Introduction

Rheumatoid arthritis (RA) is a chronic systemic inflammatory disease characterized by synovial inflammation, pain, and fatigue [1, 2]. The disease increases the risk of structural joint destruction and subsequently impaired joint function, leading to decreased working ability among affected individuals, with impaired life income for patients and costs for society [3, 4]. To minimize the consequences of inflammation in RA, the current clinical strategy is a targeted approach including early diagnosis and treatment aiming for remission or, when remission is not achievable, low disease activity [5]. However, some patients with RA do not reach the treatment goals; thus, there is a need for further insights into how contextual factors, including environmental and personal factors, influence patient prognosis.

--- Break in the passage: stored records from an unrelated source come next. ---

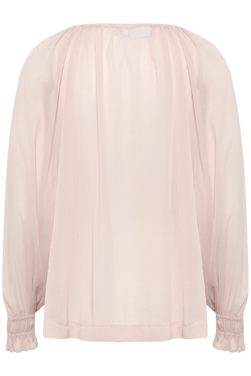 Transparent blus med lös passform, långa ärmar och elastiska ärmslut.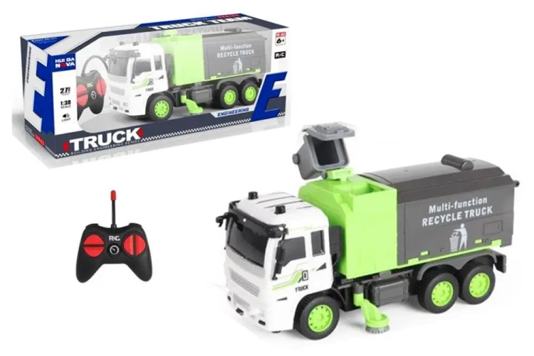 Śmieciarka zdalnie sterowana. Pojazd z funkcją podnoszenia pojemnika i ruchomymi elementami. Sterowanie pilotem, efekty świetlne i dźwiękowe.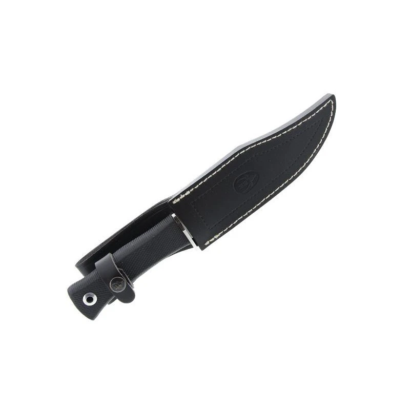 Portant la référence 9290, le poignard Muela « 21733 » se dote d’une lame de longueur 17cm fabriquée en acier inox X50CrMoV15. À bout pointu, cette lame tranchante s’avère marquée par le logo officiel du fabricant Muela (Espagne). Vous pouvez aussi la personnaliser par les textes de votre choix, parfait pour offrir le poignard Muela « 21733 » à un ami chasseur ou à soi-même. À noter que ce modèle conviendra également pour d’autres activités Outdoor, notamment la survie en pleine nature. Le poignard Muela « 21733 » intègre aussi un manche fabriqué en gomme noire, il est aussi élégant qu’ergonomique (excellente prise en main car antidérapant). On notera aussi la présence d’une garde en inox afin de garantir des utilisations en toute sécurité du poignard . Modèle livré avec son étui en cuir noir pour une protection de tous les instants durant les déplacements et mouvements.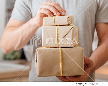 man hold boxes delivery online order shipping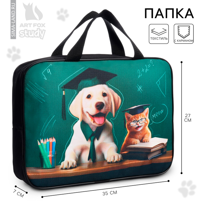 Папка для труда А4 на молнии текстиль 70мм 350 х 270 «1 сентября: Кот»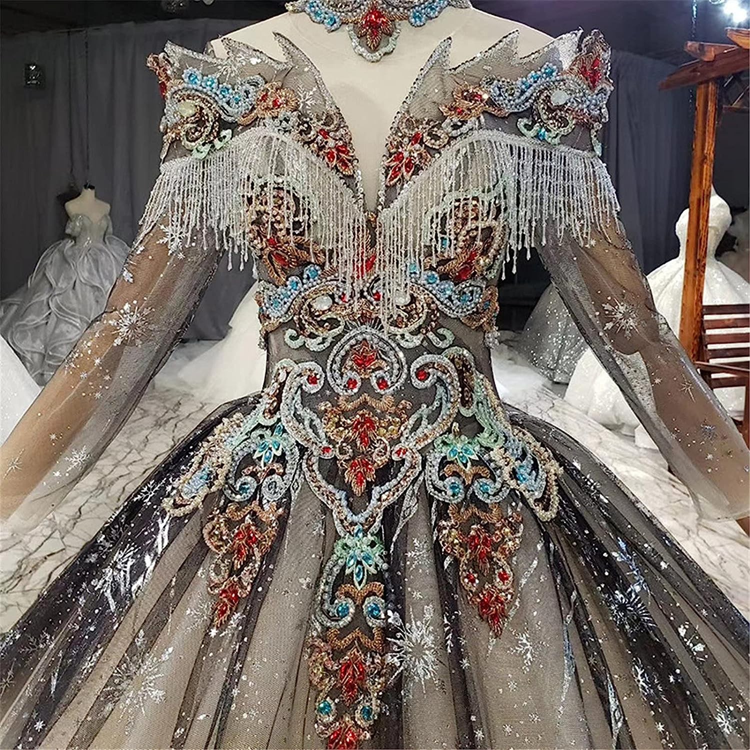 Duaruimo Customize Mesh Wedding Evening Dress Tassel Prom Bride Dresses,Black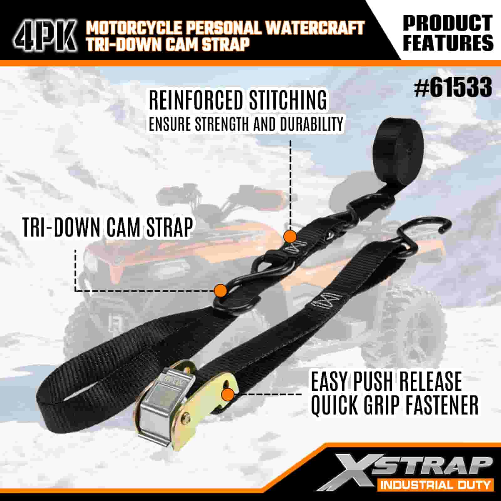 Xstrap 4PK Tali Cam Tri-Down Perahu Pribadi Sepeda Motor, Tali Pengikat Poliester 1” x 6' Tali Gesper Ratchet Tarik, Tali Pengaman Kargo Kapasitas 400lbs dengan Kait S untuk Profesional Serius untuk Mengamankan Trailer Kargo, Trailer Tempat Tidur Datar, Perahu Ski, Mobil Kecil.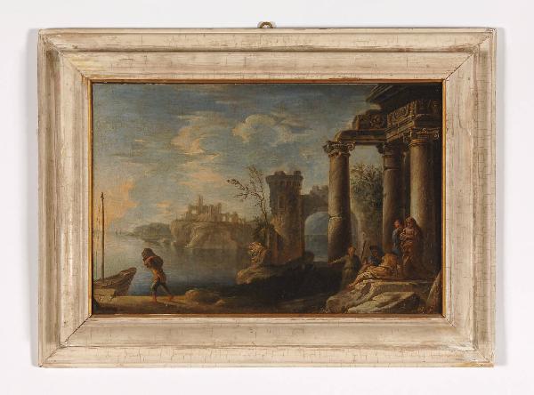 Dipinto inserito in una semplice cornice di legno verniciato con profilo dorato, raffigurante un capriccio con rovine. Lo sfondo è dato da armonici declivi rocciosi con ruderi di edifici classici; all'estrema sinistra lo specchio d'acqua tende a confondersi, a uniformarsi con il cielo soprastante che diventa sempre più luminoso all'orizzonte. In primo piano, all'estrema destra, altri resti di edifici di fantasia, sempre di impronta classicheggiante. Il paesaggio è animato in primo piano dalla presenza di figure, sia maschili che femminili, panneggiate all'antica, raffigurate in diversi atteggiamenti umani. Contrasti tra tonalità calde e tonalità fredde di colore; un colore che steso a macchie, definisce insieme alla luce, i vari elementi presenti nel dipinto e l'effetto atmosferico, dato da una diffusa umidità.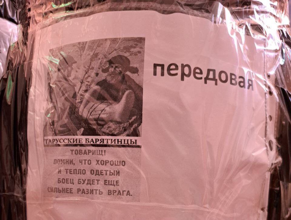 Жители села долго думали, как же им обозначить на фронтовых посылках свою группу. И придумали — их лейблом стал плакат времен Великой Отечественной войны, на котором изображен дедушка в ушанке, вручающий советскому солдату валенки. «Товарищ! Помни, что хорошо и тепло одетый боец будет еще сильнее разить врага!» – гласит надпись времен 1942 года. Очень актуальна она и в наше время.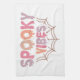 This fun and festive Halloween design features the phrase "Spooky Vibes" in a playful, dripping font that gives the text a gooey, eerie effect. The words are filled with soft, pastel shades of pink, orange, purple, and peach, adding a lighthearted and whimsical twist to the spooky theme. Beneath the text, a simple spider web illustration in a soft brown colour adds a classic Halloween touch, tying the design together. The combination of the pastel colours and the spooky elements creates a unique contrast that’s both cute and a little bit creepy, making it perfect for Halloween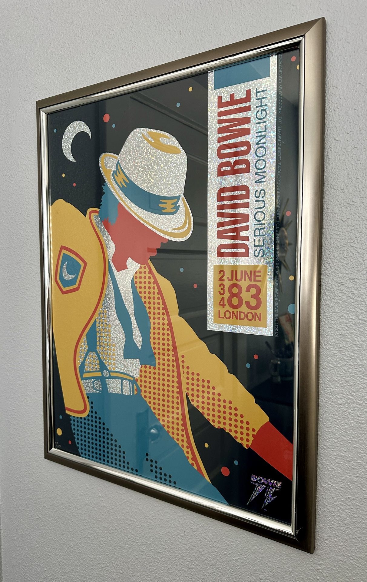 Rare commemorative foil David Bowie poster from his shows in London, June 1983. 20” x 26” framed. Great condition. Limited and rare. This is 11 of only 175 made. $250 Local pick up only.

Previous studies on psychosocial factors in RA have mainly focused on the association with the risk of RA development and found that contextual factors including low educational level and low decision latitude at work were associated with increased risk of the disease [6,7,8]. The concept of decision latitude at work was introduced by Karasek in 1990 [9]. The theory behind the concept suggests that a low level of influence on the daily work situation (“low decision latitude”) would be a marker of long-term stress [10]. Questions on decision latitude at work were introduced in the EIRA questionnaire in 1996.

While some studies have investigated the influence of psychosocial factors such as social deprivation and educational level on disease outcome [11, 12], one of which from the Epidemiological Investigation of Rheumatoid Arthritis (EIRA) study [13], to our knowledge there is limited evidence on the impact of psychosocial factors, such as the level of social support and decision latitude at work on outcome in RA.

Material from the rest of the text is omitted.